Da wäre ich ersmal vorsichtig 

Nachher will man dort bloss die Euronen.

In erster Linie stärkt man Pflanzen mit Nährstoffen (N,P,K,MgO) und Spurenelementen.  

Gruß Armin


----------



## Armin (9. Mai 2008)

*AW: Homöopathie für Bäume*

Hy nochmals,

sowas dann schon eher : http://www.fluegel-gmbh.de/index/79042,

Gruß Armin


----------



## Redlisch (9. Mai 2008)

*AW: Homöopathie für Bäume*



			
				Kolja schrieb:
			
		

> Hallo,
> 
> irgendwo ich weiß nicht wo, habe ich mal was über Homöopathie für Bäume gelesen.



Das klappt aber nur wenn der Baum auch daran glaubt ... 

Axel


----------



## Kolja (10. Mai 2008)

*AW: Homöopathie für Bäume*

Hallo Armin,

ich habe noch mal etwas gesucht und eine Beschreibung des Wirkstoffes
in der PDF gefunden. Kannst du da bitte einmal rein schauen, was du davon hältst?
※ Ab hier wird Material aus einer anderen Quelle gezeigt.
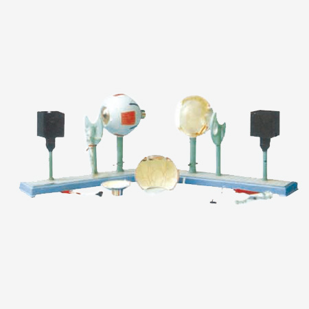由成人眼球、光源、校正鏡片、活動(dòng)成像顯示屏及底座組成。通過(guò)眼球前后極在正中與水平成75度切面,示眼球壁三層被膜,眼球內(nèi)晶狀體(可改變曲率),玻璃體和虹膜。由外向內(nèi)三層被膜做成梯形切面,并示其各部結(jié)構(gòu)。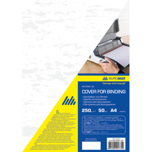 Обложка картонная "под кожу" А4 250гм2, (50шт./уп.), белый Количество сшиваемых листов - Материал обложки картон Материал пружины - Плотность обложки г/м2 250 г/м2 Формат обложки A4 Цвет обложки белый Цвет пружины - Диаметр пружины, мм - Новинка Нет Топ продаж Да Обложка с фактурной поверхность «под кожу» BUROMAX для переплета и профессионального оформления документов! Обеспечивает защиту от механических повреждений (потертости, загрязнения). Возможность выбора индивидуального стиля: различный ассортимент цветов обложек. Предназначена для переплета формата А4. В упаковка 50 шт.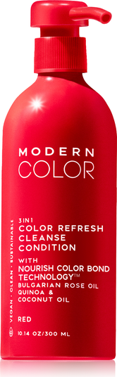Modern Color’s Red 3-in-1 Color Refresh + Cleanse + Conditioner delivers a vibrant red tone while gently cleansing and conditioning in one simple step. This semi-permanent formula refreshes color, boosts shine, and nourishes hair from root to tip. It keeps red-hued and color-treated hair bold and radiant between salon visits without compromising hair health.

Bei dem Produkt, was du gefunden hast, sehe ich zwar jede Menge Zutaten, aber keinen homöopathischen Ansatz. Das muss ja auch nicht schlecht sein, wenn's denn wirkt, macht mich aber trotzdem ein bisschen misstrauisch.

Hallo Axel,
kein Freund der Hömoöpathie? Ich habe da unterschiedliche Erfahrungen gemacht. Wenn man das richtige Mittel findet, so wirkt es bei mir, bei meinen Kindern, beim Hund und warum nicht bei Wilma - dem __ Ahorn. Ich spreche mal mit ihr. Und ein bisschen glauben, kann ja auch nicht schaden.


----------



## Kolja (20. Mai 2008)

*AW: Homöopathie für Bäume*

Hallo Annett,

danke für den Forumslink. Das ist ja auch ein schööööööönes Forum. Und ich muss aufpassen, dass ich mich da nicht festlese. Sonst sitze ich mit all meinen Interessen nur noch am PC.  
Auf jeden Fall wird da das Mittel in unterschiedlichen Zusammenhängen diskutiert. Ich glaube ich probiere es einfach mal aus.


----------